PostPosted: Thu Mar 11, 2010 11:44 am    Post subject: Misguided warning 1179? Reply with quote

FORTRAN 95 does not allow user-defined types to contain allocatable components, and the workaround is to allow allocation via pointer instead. I have happily been allocating and deallocating derived type components for a while now, but only this morning did I get around to writing code that tested the allocated status of one of them.

The following code provokes (from FTN95 v5.40) warning 1179: - WORKAROUND is not ALLOCATABLE yet is used in an ALLOCATED test.

I think this is wrong, since it is not workaround that is being used in the test, but its allocatable component. Note that the corresponding allocate statement is not flagged as erroneous.

I appreciate its only a warning, and thus non-fatal, but I'd be decidedly happier in ignoring it if other folks who have been doing this new-fangled FTN95 stuff longer than me were in agreement that this warning should not be issued in the first place.

Comments?

<edited immediately post-posting> I hadn't actually tried to run the compiled code when I posted. When I do, I get an access violation on the if (allocated) ... statement.

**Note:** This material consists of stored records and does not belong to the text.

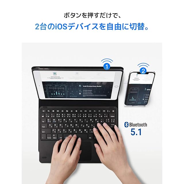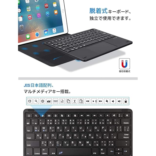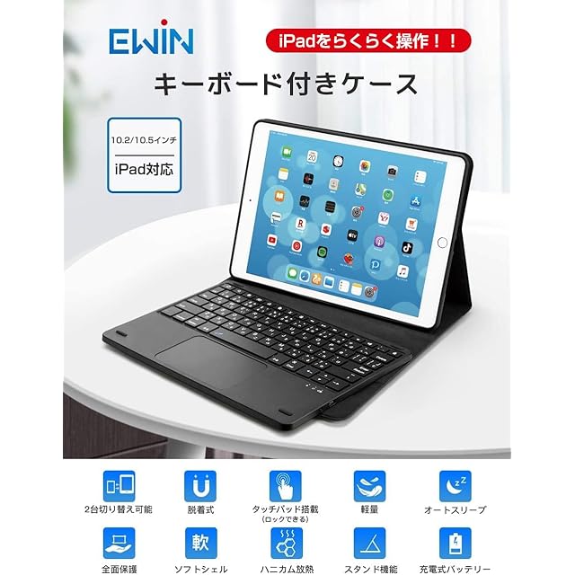 EWiN® 最新型 iPad第9世代 iPad10.2/10.5インチキーボードケース JIS基準日本語配列 第8世代2020 bluetoothキーボード タッチパッド搭載 脱着式 2台のiOSデバイス切り替え可能 ipad air3 ipad pro ブラック | つむぎ屋
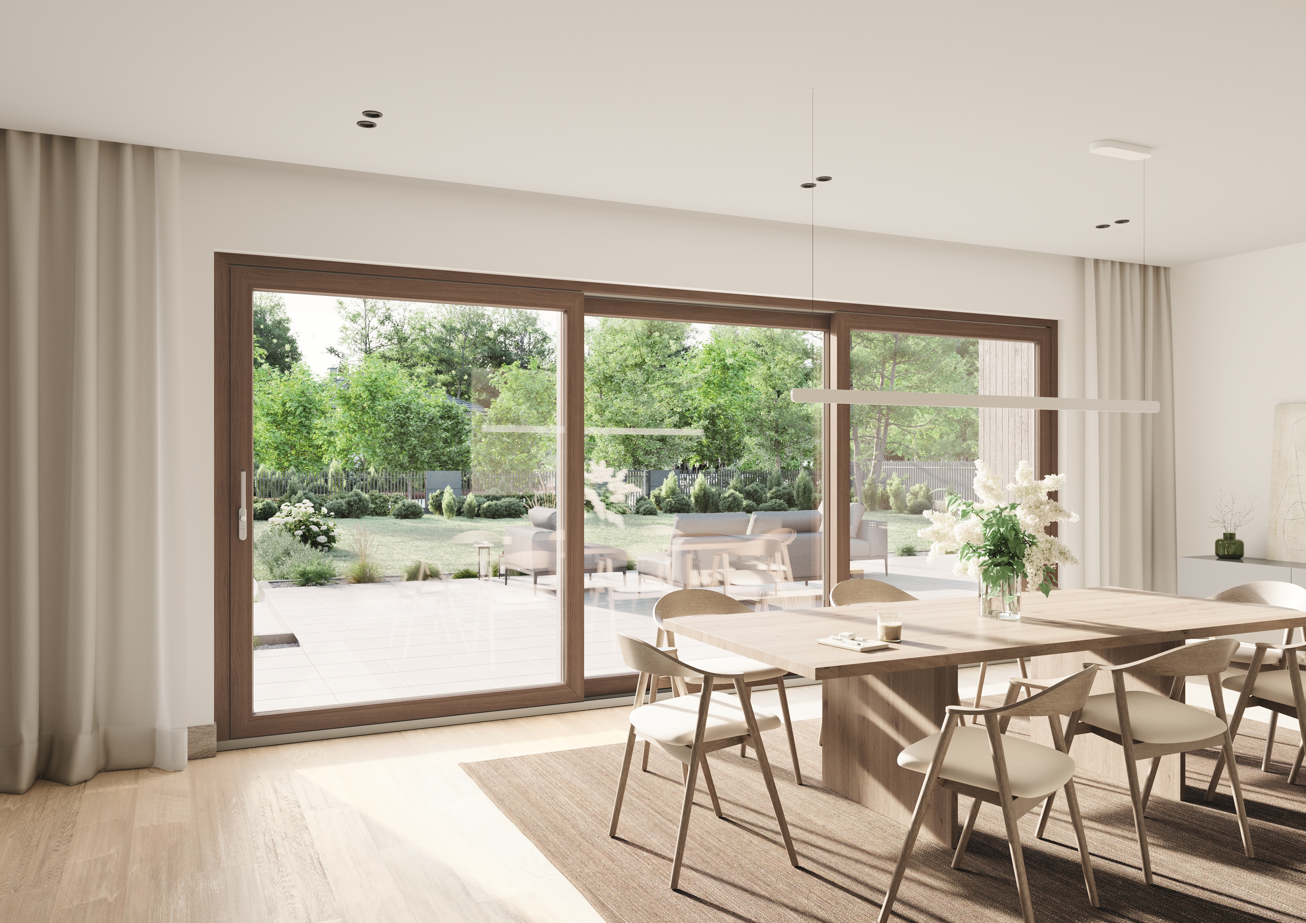 Ob urbaner Rückzugsort, Landhaus im Grünen oder idyllisches Vorstadthaus: Folierungen von edler Aluminiumoptik bis zur täuschend echten Holzmaserung sorgen für eine harmonische Integration in diverse Designkonzepte.
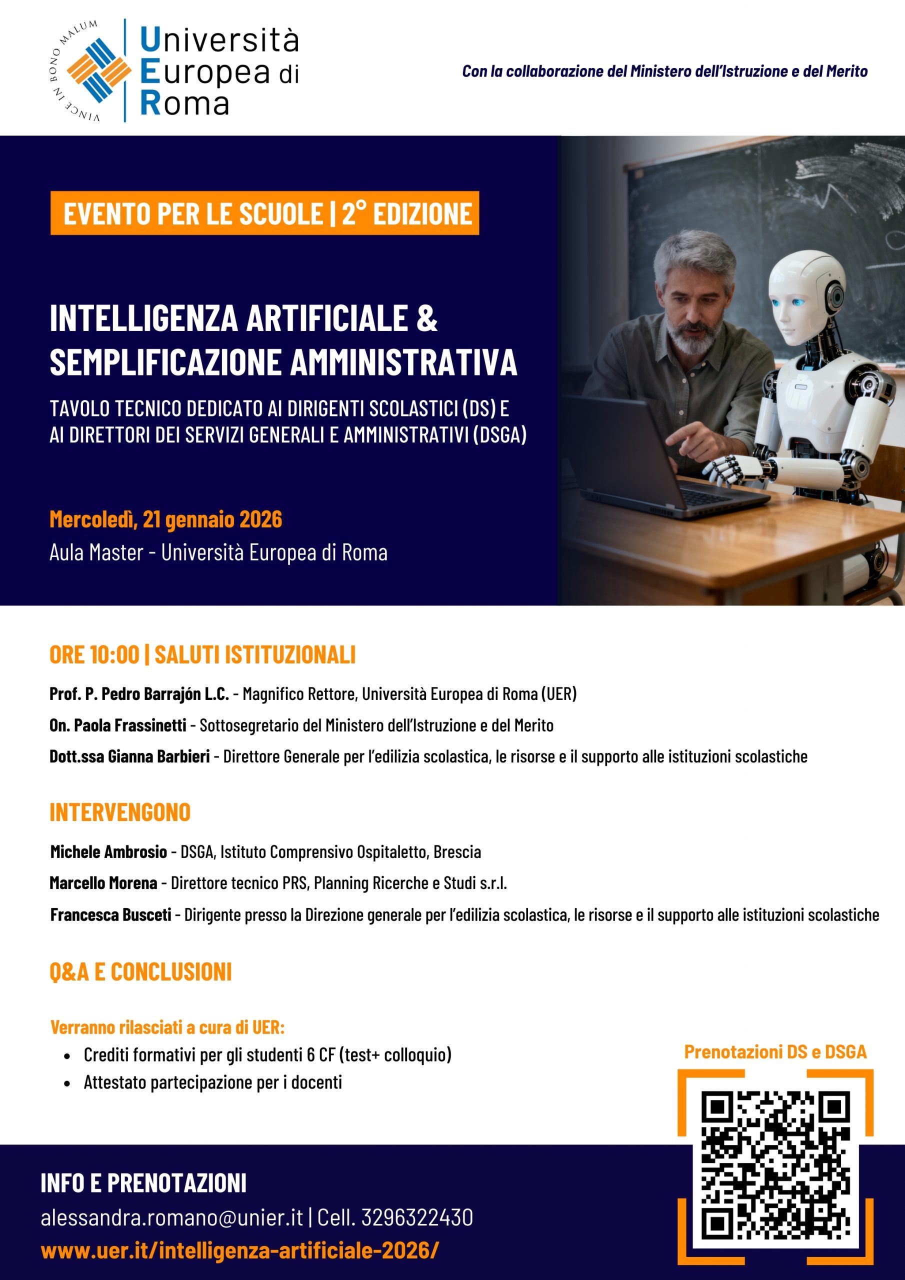 Obiettivo: approfondire i temi della semplificazione amministrativo-contabile nelle segreterie scolastiche. Verranno presentati strumenti innovativi, buone pratiche e soluzioni basate anche sull’intelligenza artificiale, utili per ottimizzare la gestione burocratica e migliorare l’efficienza dei processi amministrativi.
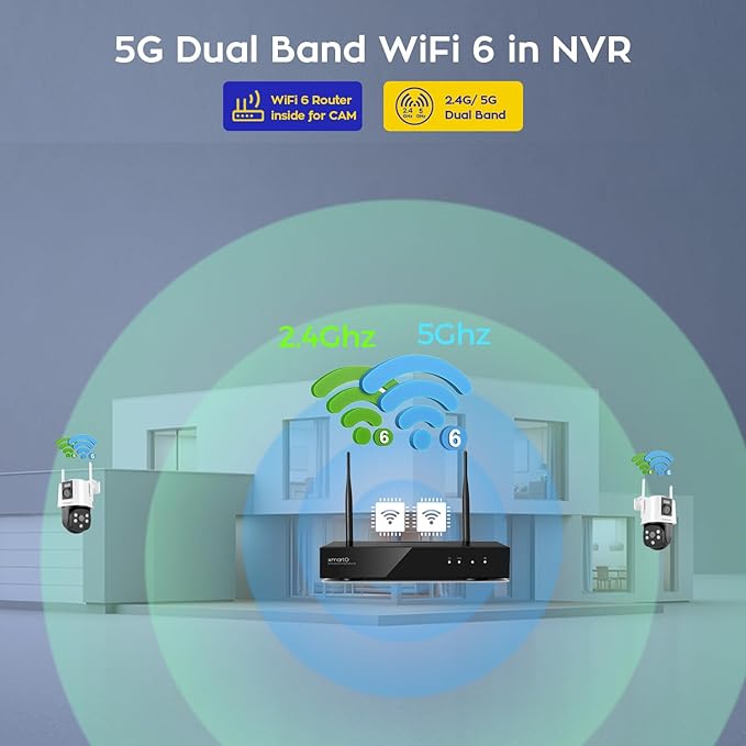 - 【Long Range WiFi 6 for Easy Installation】Evolved to latest WiFi 6 technology, on open ground the XMARTO WiFi cameras can be installed up to 1300ft (400m) away from the NVR. In actual houses with walls & interferences, you can still mount the cameras a few hundred feet away. This makes it possible to use the cameras wirelessly
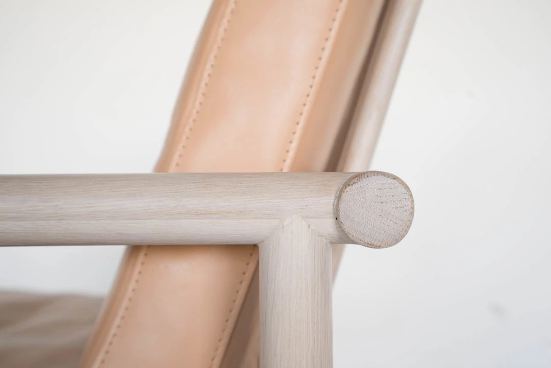Beautifully made white washed solid oak and nude leather lounge chair. The chair frame is made with traditional joinery without any metal screws or nails. The nude leather cushions are loose and will patina over time.
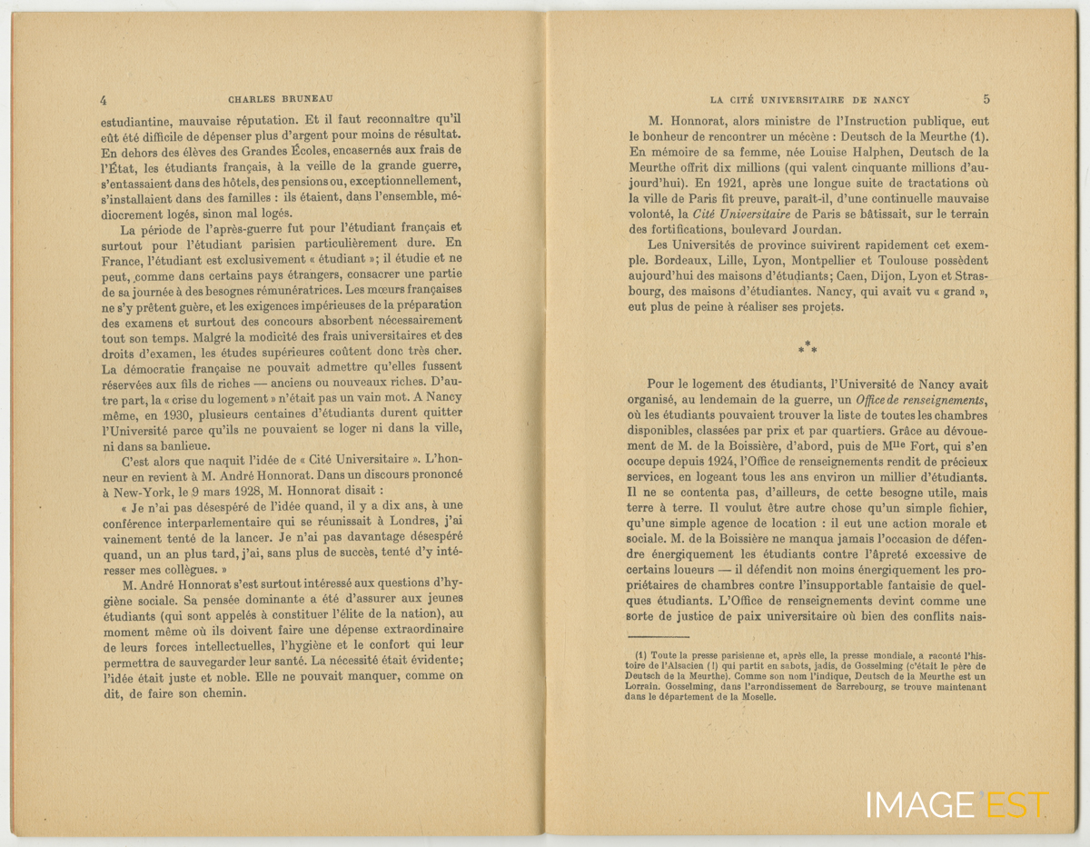 Texte extrait d'un livret de présentation de la Cité universitaire de Monbois 2, rue Ludovic Beauchet à Nancy (Meurthe-et-Moselle) par Charles Bruneau. L'auteur évoque les conditions de vie des étudiants après la Première Guerre mondiale. À Nancy, en 1930, plusieurs centaines d'étudiants durent quitter l'Université faute de logement. C'est alors que naquit l'idée d'une " Cité universitaire " dont le principe en revient à M. André Honnorat, alors ministre de l'Instruction publique qui eut le bonheur de rencontrer un mécène alsacien, Deutsch de la Meurthe, qui offrit dix millions à ce projet. En 1921, une cité universitaire voyait le jour à Paris. L'exemple fut suivi à Bordeaux, Lille, Lyon, Monpellier et Toulouse. Pour d'autres villes, Caen, Dijon, Lyon et Strasbourg, des maisons d'étudiants pourvoyaient aux besoins. Nancy devait attendre encore quelques années. Au lendemain de la guerre, un Office de renseignements rendit les services de recherche de logements.
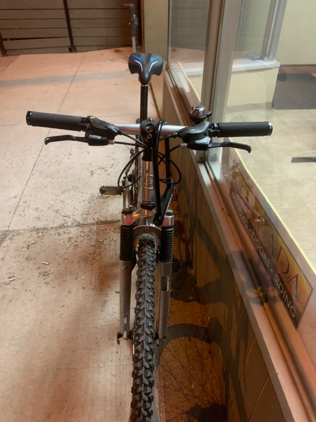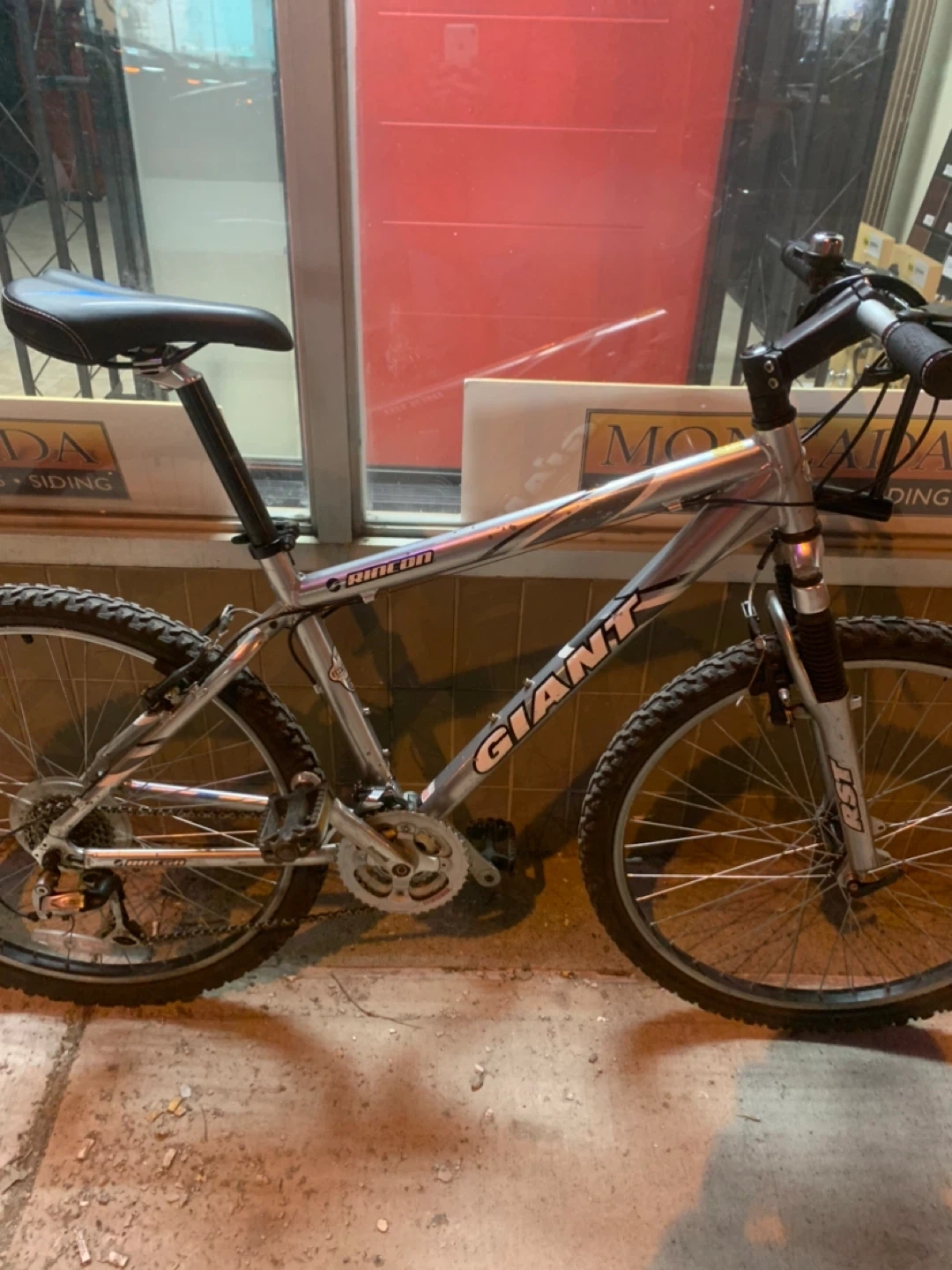 This is a silver Giant mountain bike with front suspension. It has disc brakes and a Shimano gear system. It's ready for your next adventure!
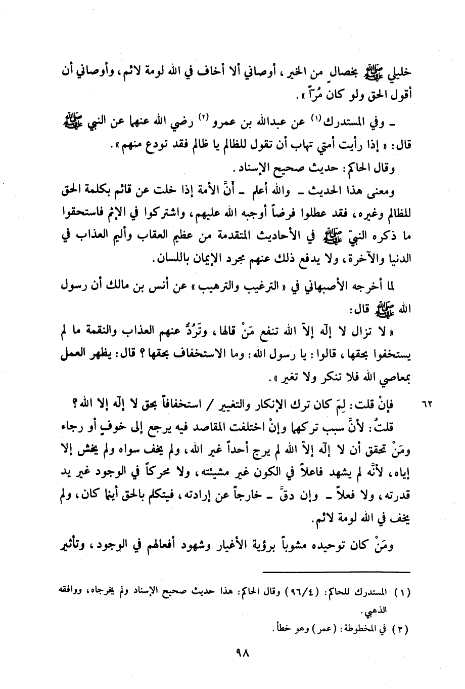 فإن قلت: لم كان ترك الإنكار والتغيير/ استخفافًا بحق لا إله إلا الله؟ قلت: لأن سبب تركهما وإن اختلفت المقاصد فيه يرجع إلى خوف أو رجاء ومن تحقق أن لا إله إلا الله لم يرج أحدًا غير الله، ولم يخف سواه ولم يخش إلا إياه، لأنه لم يشهد فاعلًا في الكون غير مشيئته، ولا محركًا في الوجود غير يد قدرته، ولا فعلًا –وإن دق- خارجًا عن إرادته، فيتكلم بالحق أينما كان، ولم يخف في الله لومة لائم.
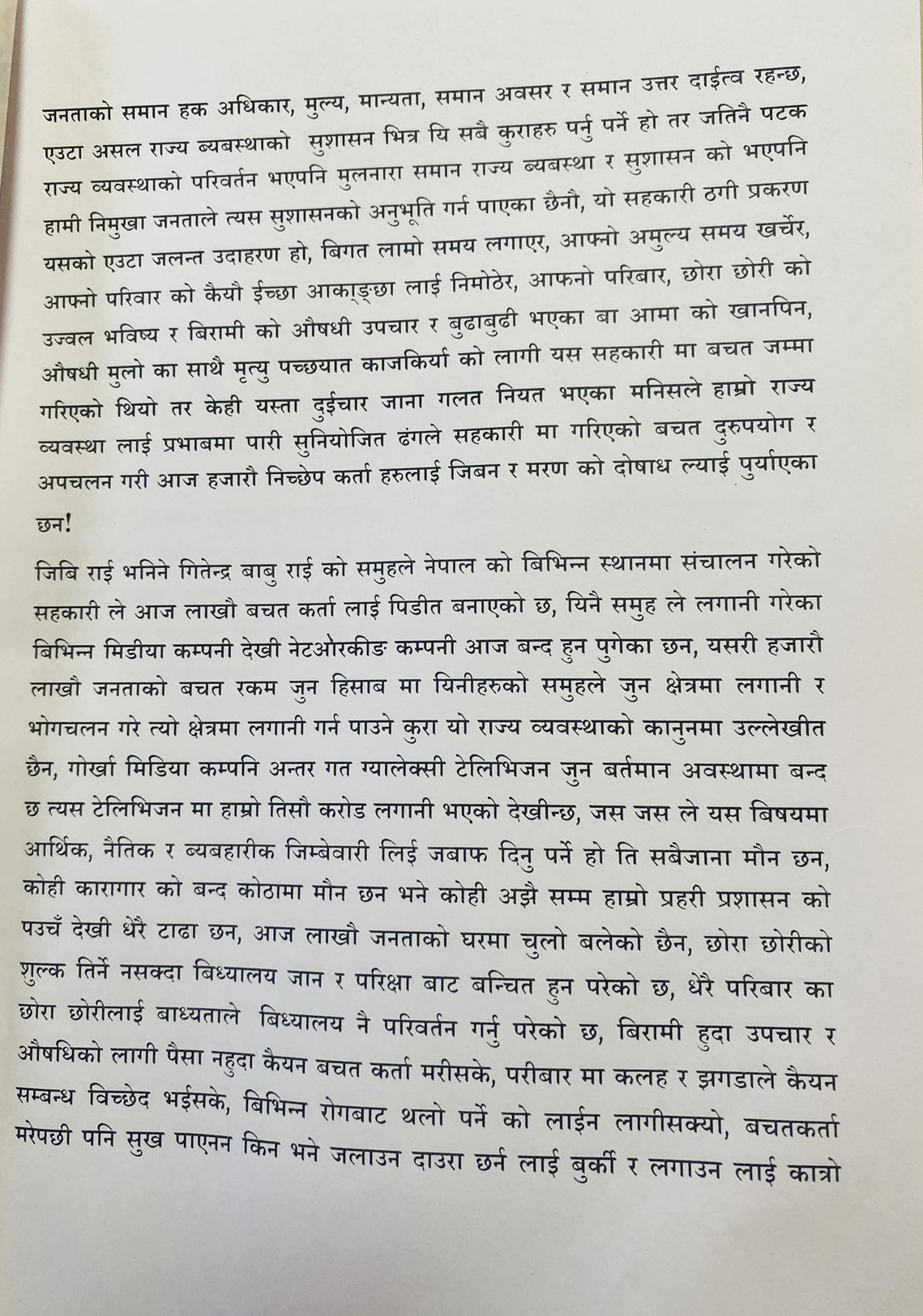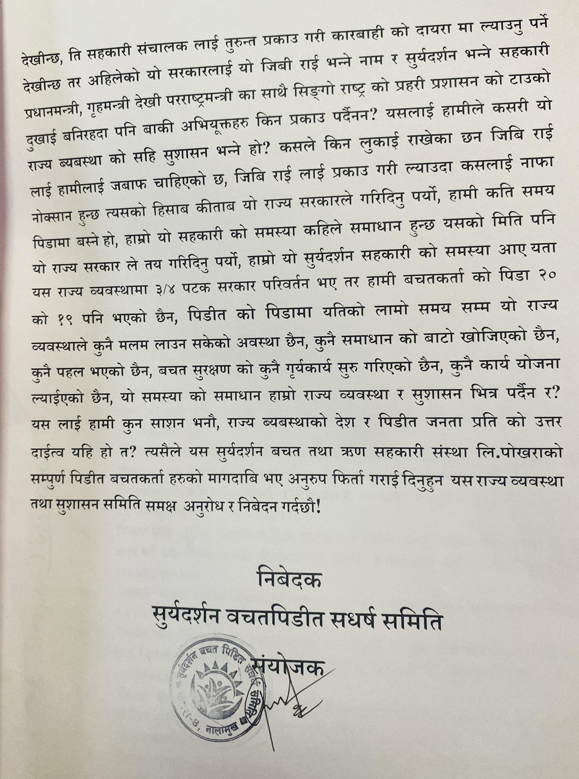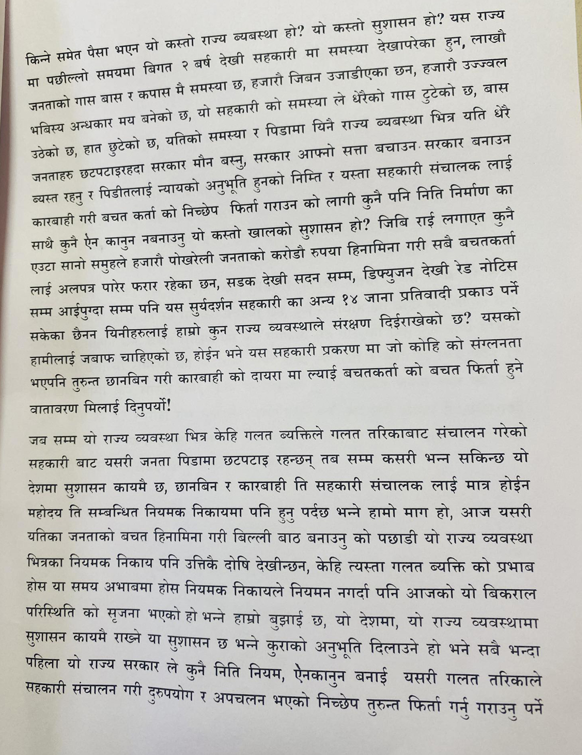 ‘सडकदेखि सदनसम्म, डिफ्युजनदेखि रेड नोटिससम्म आइपुग्दा पनि यस सूर्यदर्शन सहकारीका अन्य १४ जना प्रतिवादी पक्राउ पर्न सकेका छैनन्। यिनीहरूलाई हाम्रो कुन राज्य व्यवस्थाले संरक्षण दिइराखेको छ?’, मागपत्रमा भनिएको छ ।

So clearly there's more to this than meets the eye - mine, anyway. I was wondering whether I have to nullify the pointer before I can test its allocated status? But it can't be that simple - if the component is already allocated, say elsewhere in a module like in my real code, there is no reason why I should not be able to test its allocated status.

Thoughts?

Andy

program hello_kate

type contains_pointer_for_allocation_purposes
integer, pointer :: pseudo_allocatable (Smile
end type contains_pointer_for_allocation_purposes

type (contains_pointer_for_allocation_purposes) workaround

if (allocated (workaround% pseudo_allocatable)) deallocate (workaround% pseudo_allocatable)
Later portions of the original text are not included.